Halloumi is a hard cheese traditionally made in Cyprus and is ideal for the barbecue grill because of higher-than-normal melting point compared to other cheeses.
The resistance to melting comes from the fresh curd used in the manufacturing process being heated before being shaped and placed in the brine. Note how when eating it, it makes your teeth squeek!
Ingredients:-
750g / 11/2lb Halloumi cut into 1 cm thick strips
6 tablespoons extra virgin olive oil
1 ½ tablespoons balsamic vinegar
4 plum tomatoes skinned seeded and diced
1 red onion finely chopped
2 tablespoons lemon juice
1 tablespoon chopped fresh basil
salt and freshly ground black pepper
Black olives (optional)
Method:-
Mix up all the ingredients and marinate the cheese for 4 hours. Place the cheese slices into a barbecue rack and place on barbecue grill with hot coals and brush on the marinade a few times.

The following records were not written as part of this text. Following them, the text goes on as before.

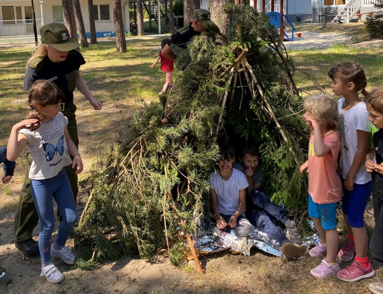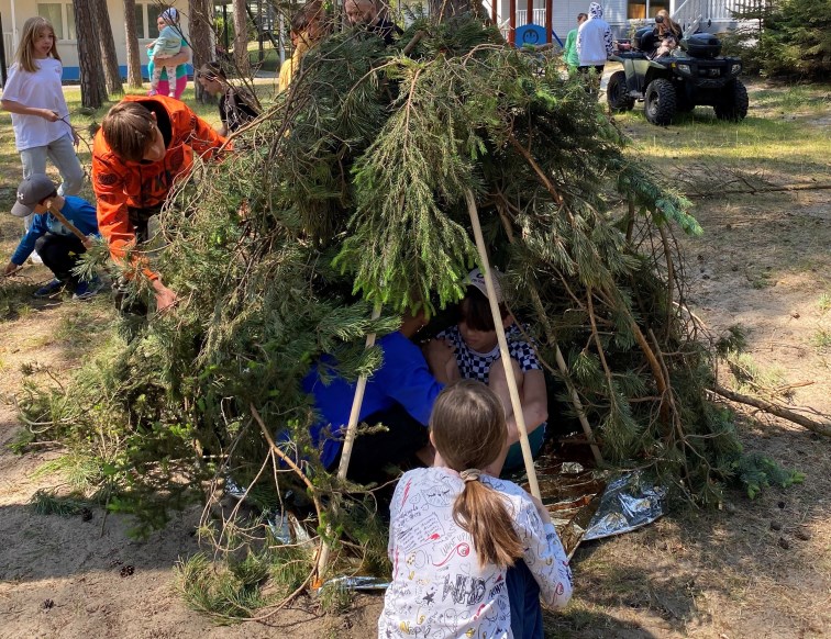 Ostatnim, najbardziej wymagającym elementem szkolenia, było budowanie schronienia w formie „namiotu tipi” oraz nauka zasad przetrwania w warunkach letnich. Dzieci uczyły się, w jaki sposób wykorzystać położenie oraz posiadane przy sobie lub wokół nich przedmioty. Każda z grup wiekowych ukończyła zadania celująco, pozostawiając po sobie oryginalne budowle oraz radosne wspomnienia.
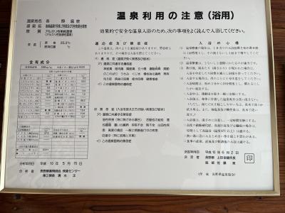 当温泉では、泉質:酸性-含硫黄-ナトリウム-塩化物、硫酸塩温泉(酸性低張性高温泉)、泉温:58.6度と分析結果が表示され、pH3の強酸性、源泉掛け流し(温度調整のため加水)ということです。無味無臭、ほのかに硫黄の匂いが感じられます。
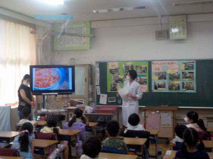 1年生が学級指導で「給食ができるまで」を学習しました。
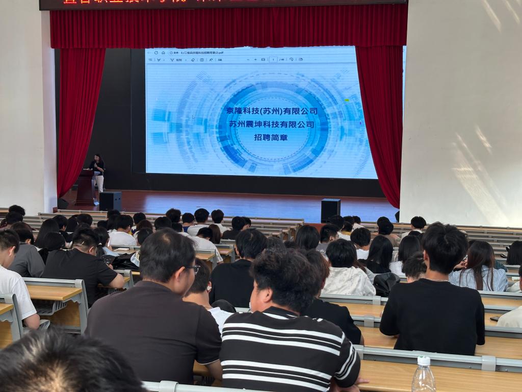本站讯(信息工程学院 袁勋)5月26日,信息工程学院在仁济楼小礼堂举办实习就业专场招聘会。邀请到浙江大华技术股份有限公司、华通电脑(惠州)有限公司、京隆科技(苏州)有限公司等知名企业参与。本次活动旨在为 2025 届实习学生及2026届毕业生开拓更多优质职业机会,同时为用人单位搭建高效的人才选拔平台。
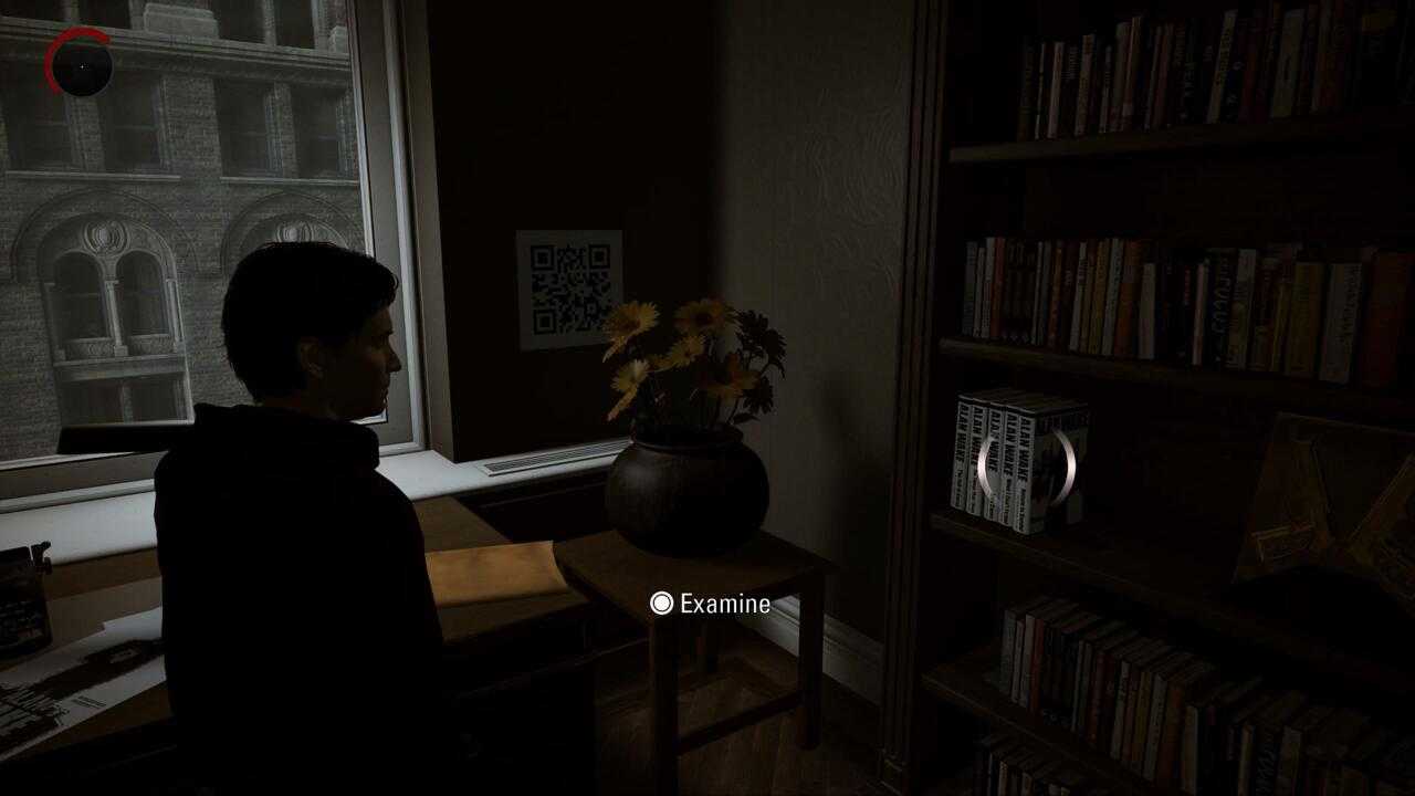 Вы можете найти второй QR-код во время воспоминаний Алана о Нью-Йорке за три года до событий игры. Пройдите в офис Алана, чтобы проверить новые книжные обложки, которые Алиса сделала для него, и вы заметите QR-код на стене, но убедитесь, что вы сделали снимок или отсканируете его, прежде чем взаимодействовать с книгой, иначе вы закончите сцена. Хорошая новость заключается в том, что вы еще пару раз вернетесь к воспоминаниям о Нью-Йорке в течение игры, и код будет ждать в каждом из них, если вы пропустите его здесь.
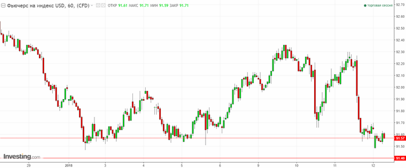 У свою чергу, американська валюта залишається під тиском проти основних конкурентів, що викликано збереженням оптимізму по євро і слабкими даними з виробництва в США. В результаті, індекс долара США залишається біля річних мінімумів, обмежуючись рівнем підтримки 91.50-40. І чекаючи даних по інфляції в США, які можуть змусити ринок вийти з фази консолідації.

TIP - Hot coals will help the surface of the cheese go brown and crisp and a
barbecue rack
gives a little extra spread of surface should your halloumi soften too quickly.
When the halloumi takes on a light suntan, remove from the grill, place in a serving bowl, dress with the black olives and pour over the remainder of the marinade.
Served as part of a salad or in a pitta, you can’t go wrong.